When HTTP logging mode is enabled, Auth Server should also dump HTTP response body.

[martynaslawinska]

aliaksander-samuseu commented on Jul 30, 2019
At the moment, httpLoggingEnabled property in conjunction with loggingLevel makes oxAuth to dump complete HTTP request into log file on disk for easy review. That is a huge step forward in terms of troubleshooting and ease of providing support to customers that (in theory) may make usage of cumbersome complex tools like intercepting proxies and Apache's mod_dumpio not necessary in most cases.

The only downside to this currently is that this feature won't dump HTTP response's body along with the request - and this severely limiting its troubleshooting potential in many cases.

According to @yurem, such limitation was added with optimization in mind, to prevent log from consuming disk space rapidly; there also are some implementation difficulties to make that happen (but still may be possible).

Overall, I believe implementing this additional functionality may worth a try.
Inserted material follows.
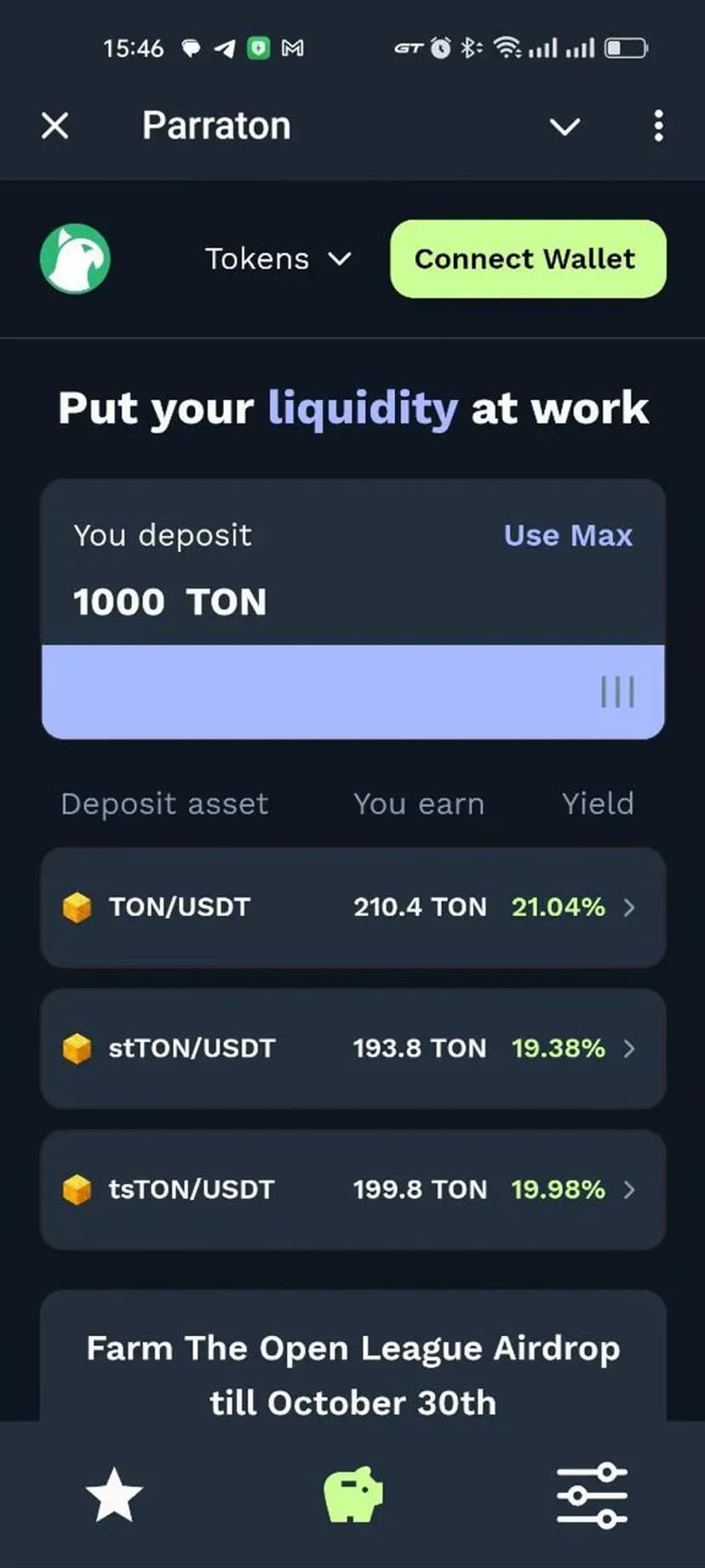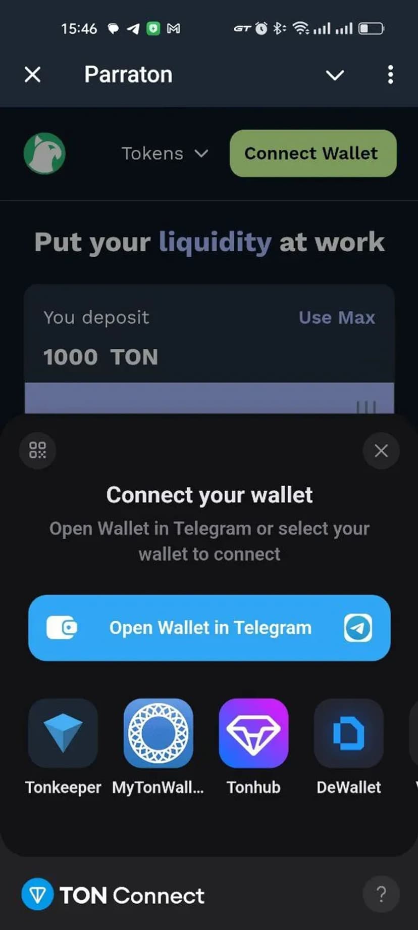 Parraton — мини‑приложение в Telegram для автоматизированной оптимизации доходности в экосистеме TON с использованием эффектов сложного процента. Сервис подключается к протоколам на базе смарт‑контрактов TON и выполняет реинвестирование прибыли без необходимости покидать мессенджер.

To tackle the disk space issue at least, there could be an additional key in JSON configuration array which would allow enabling HTTP response body logging separately from the rest of the HTTP logging functionality.

[yuriyz]

It can help in troubleshooting a lot. Lets log body only if log.isTraceEnabled() also we need separate configuration property which allows to turn on/off body logging. Default value should be off.